The Havyaka people originated in the second Kadamba dynasty (9th century), when the Brahmin King Mayuravarma brought them down from chilly Uttar Pradesh to join his kingdom, shine his crown, and process minor licence renewals. Havyakas are quick to tell anyone that "we were invited here." There is an inscribed stone at Sagara that has the R.S.V.P. While this migration explains the Havyakas' unusual skin color, it doesn't explain how they can pronounce the Dravidian 'Zh' sound while North Indians can't. What explains the unusual tooth color (bright red) is the betel nut.
The Havyakas' language is Havigannada, a Tamil-ish, Malayalam-ish, Spanish-ish dialect of Kannada. The Havyakas are divided into three types, depending on whether they speak in the original accent, the Shimoga accent, or the Mangalore accent. The original accent is incomprehensible to the other two types. Those familiar with Halegannada (Old Kannada) would recognise some cognates, only no one is. Contributing to the confusion is that speakers of Havyaka Kannada address women using the neuter gender, as though they were coconuts. There is no offense meant, surely.
The best way to speak to someone who uses a different accent of Kannada is to strike up a conversation in German or Chinese. Maybe they studied it in school.
Away from the coast, Havyaka Kannada verbs have lost their future and even present tense. It takes complex phrasing to describe how things are, or are likely to become. However, Havyakas are pretty reliable at talking about how things used to be.
Written Havigannada is a Branch Dravidian language comprising a set of doodles that mostly look like sex organs. There are vowels, consonants, and doodles that don't go either way, with a few extras representing sounds no one makes any more. A typical letter is several doodles snuggling up to one another and represents a syllable, and that is as close as Havyakas come to being Korean.

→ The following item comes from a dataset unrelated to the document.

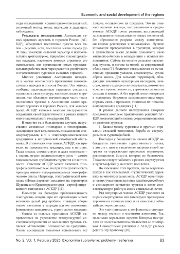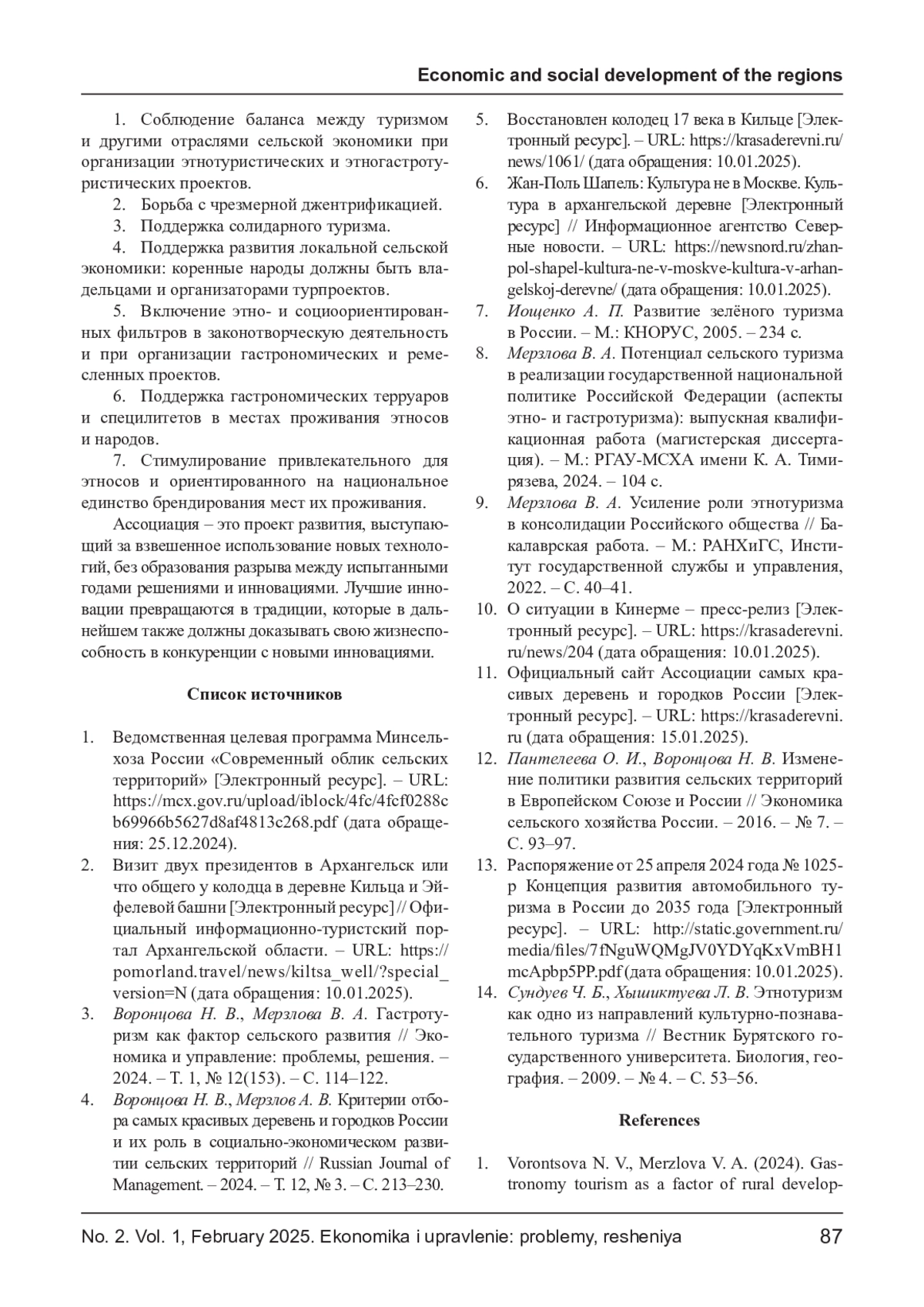 3. Воронцова Н. В., Мерзлова В. А. Гастротуризм как фактор сельского развития // Экономика и управление: проблемы, решения. - 2024. - Т. 1, № 12(153). - С. 114-122. EDN: CJQJGQ

Havyakas can be found in the Uttara Kannada, Shimoga and Dakshina Kannada districts of Karnataka, as well as the Northern Kasaragodu district of Kerala — in short, wherever the betel nut grows, but doesn't grow very well.

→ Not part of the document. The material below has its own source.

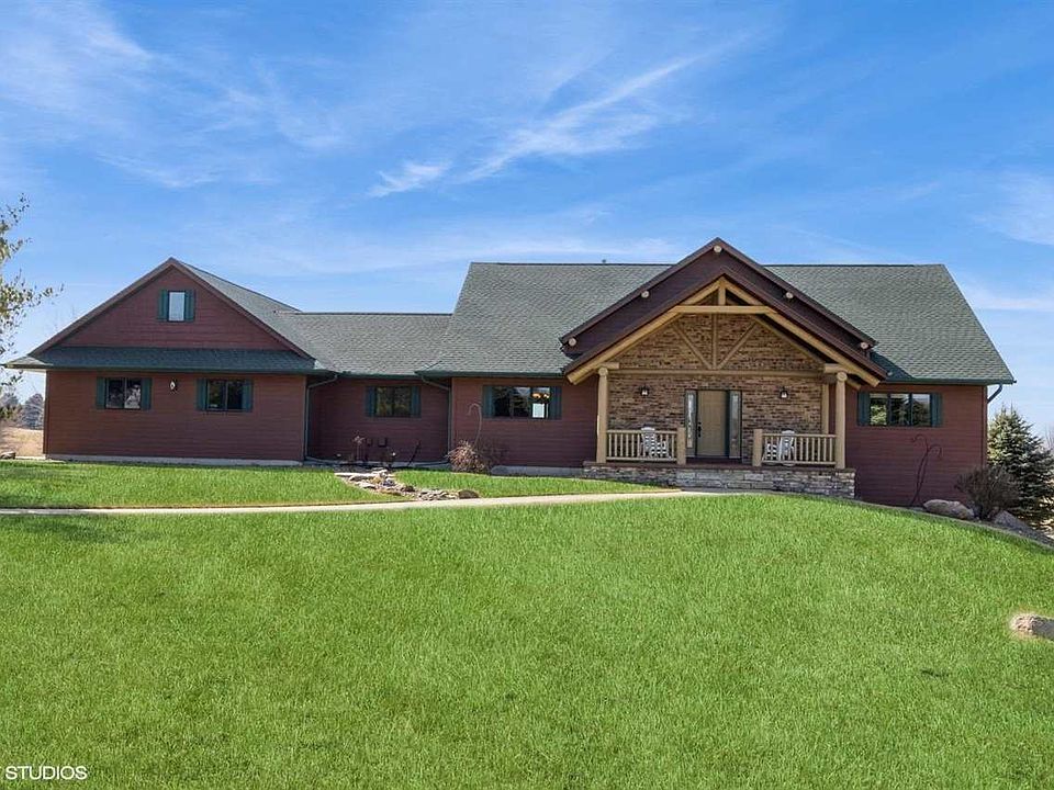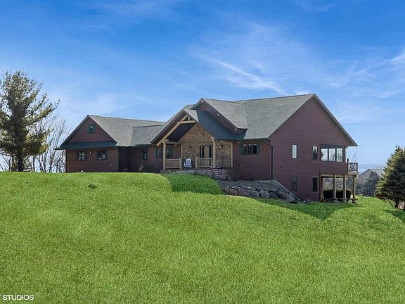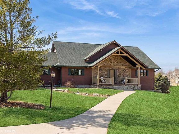 This charming quality custom built rustic home in Lacina Meadows Subdivision offers the perfect blend of tranquility and modern comfort. This property boasts stunning views creating an idyllic retreat from the hustle and bustle of everyday life. So welcome home to your sanctuary! Open-concept living space, with natural wood accents, exposed beams, large windows streaming an abundance of natural light & a stone fireplace is the perfect place to unwind. The primary suite is a peaceful retreat, with a private covered deck offering the sweeping views of the surrounding landscape & a private en-suite bath that exudes rustic charm. The cozy kitchen is big on functionality making it a perfect spot for both cooking & entertaining, enhanced by beautiful cabinetry, great pantry and new SS Appliances. The lower level family room is designed for both relaxation & entertainment. The beautiful fireplace creates a cozy ambiance perfect for gathering with loved ones. The built-in bar makes hosting effortless & large glass doors open seamlessly to the outdoor patio, leading to a picturesque firepit area that overlooks the tranquil community pond. Offering the perfect escape while still being conveniently close to essential amenities, this rustic retreat is an opportunity you won't want to miss.

Most Havyakas are found farming betel nuts for chewing (gutka) and evading prohibition in most places where they live. Some of them study hard for 40 years, then become chartered accountants, move to Bangalore, and sign annual financial reports. Some of them become politicians, and almost always contest from BJP, which is the only party that people in coastal Karnataka will vote for.
Havyakas are strict vegetarians, who not only eat vegetables but eat every part of the vegetable, including parts that are supposed to be thrown away. Visitors who bite down on a stem or a pit should discreetly remove it from the mouth and set it aside on the edge of the plate. Your cook is not a klutz but merely demonstrating mastery of the culture.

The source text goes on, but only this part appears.